|French, Alfred - Al|
Submitted to: National Cotton Council Beltwide Cotton Conference
Publication Type: Proceedings
Publication Acceptance Date: 2/10/2010
Publication Date: 4/28/2010
Citation: Venkataraman, P., Ashbaugh, H., Johnson, G.P., French, A.D. 2010. SIMULATION STUDIES OF THE WETTING OF CRYSTALLINE FACES OF COTTON CELLULOSE. Proceeding of the 2010 National Cotton Council Beltwide Cotton Conference, January 5-7, 2010, New Orleans, Louisiana. p. 1577-1580. Interpretive Summary: Interactions of water with cotton cellulose are important because the amount of moisture in cotton has a substantial effect on the physical properties of cotton fibers as well as economics of handling cotton and comfort when wearing it. The present work concerns a computer modeling study of the behavior of a droplet of water placed on different surfaces related to cotton. Because the cellulose molecules of cotton fibers occur as crystals, the model droplet was placed on model crystal surfaces and the movement of water over the surfaces was monitored. Additionally, the crystal surfaces were modified by replacing the usual hydroxyl groups of cellulose with methyl groups, changing the surface from water-attracting to water-repelling. Different distributions of the methyl groups simulated different modified textiles that would impart “moisture management” features to garments. This information is primarily of interest to scientists trying to improve cotton products with chemical treatments.

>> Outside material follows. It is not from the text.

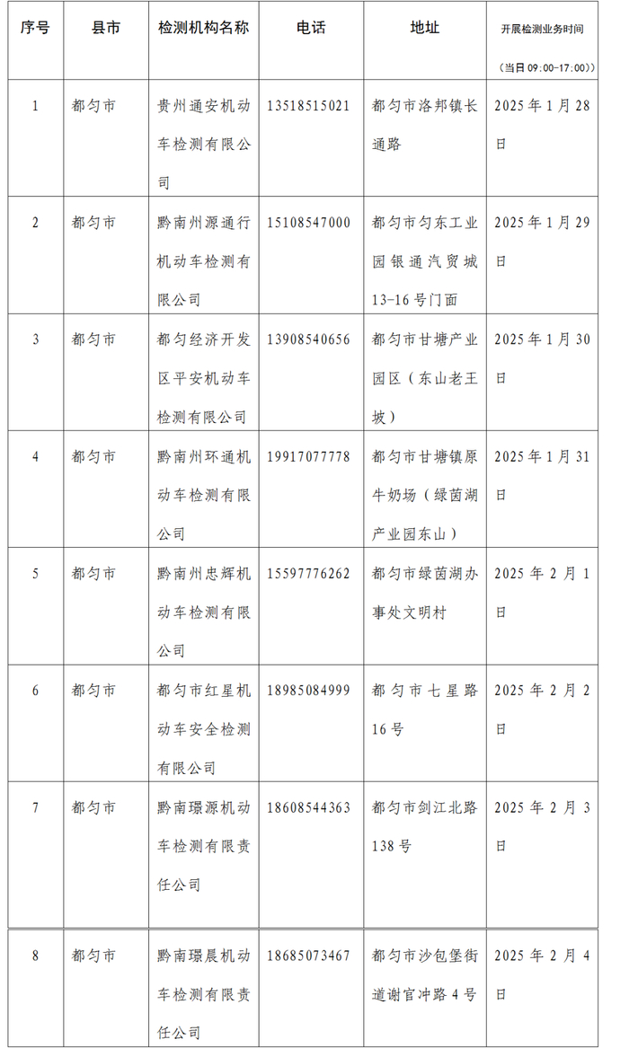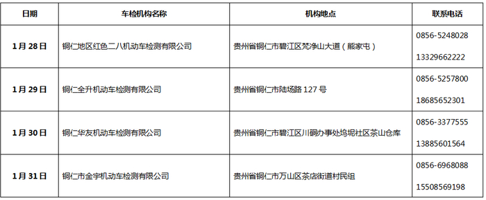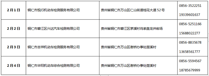 另外为解决“春节”假期群众车检需求,铜仁市公安交通管理局及辖区部分机动车检测机构,在春节假期期间,正常开展车检服务,车主可自行选择前往办理。现将提供车检服务机动车检测机构信息公示如下:

Technical Abstract: Models of the surfaces of nano-sized cellulose crystals were constructed and a model droplet of water was placed on each. Then, the model atoms were given motion that corresponds to room temperature (a molecular dynamics simulation), and the spreading of the water over the surfaces was studied. Besides the surfaces that would be found for native cellulose, surfaces were also constructed with varying amounts of methyl groups that replaced the hydroxyl groups. Those methylated surfaces were devised as a start to understanding treatments of cotton fabrics for moisture management. The water was not expected to be so attracted to those groups, and that was the case. Although the water droplet did not spread out so much on the heavily methylated surfaces, it did bridge small regions of methylated cellulose. When the cellulose was completely methylated, the water droplet retained much of its original shape, and contact angles could be estimated for the water on the more heavily methylated surfaces. For the native cellulose crystals, however, the water spread out so that a partial monolayer was formed. Not enough water molecules were in the droplet to completely cover the surface.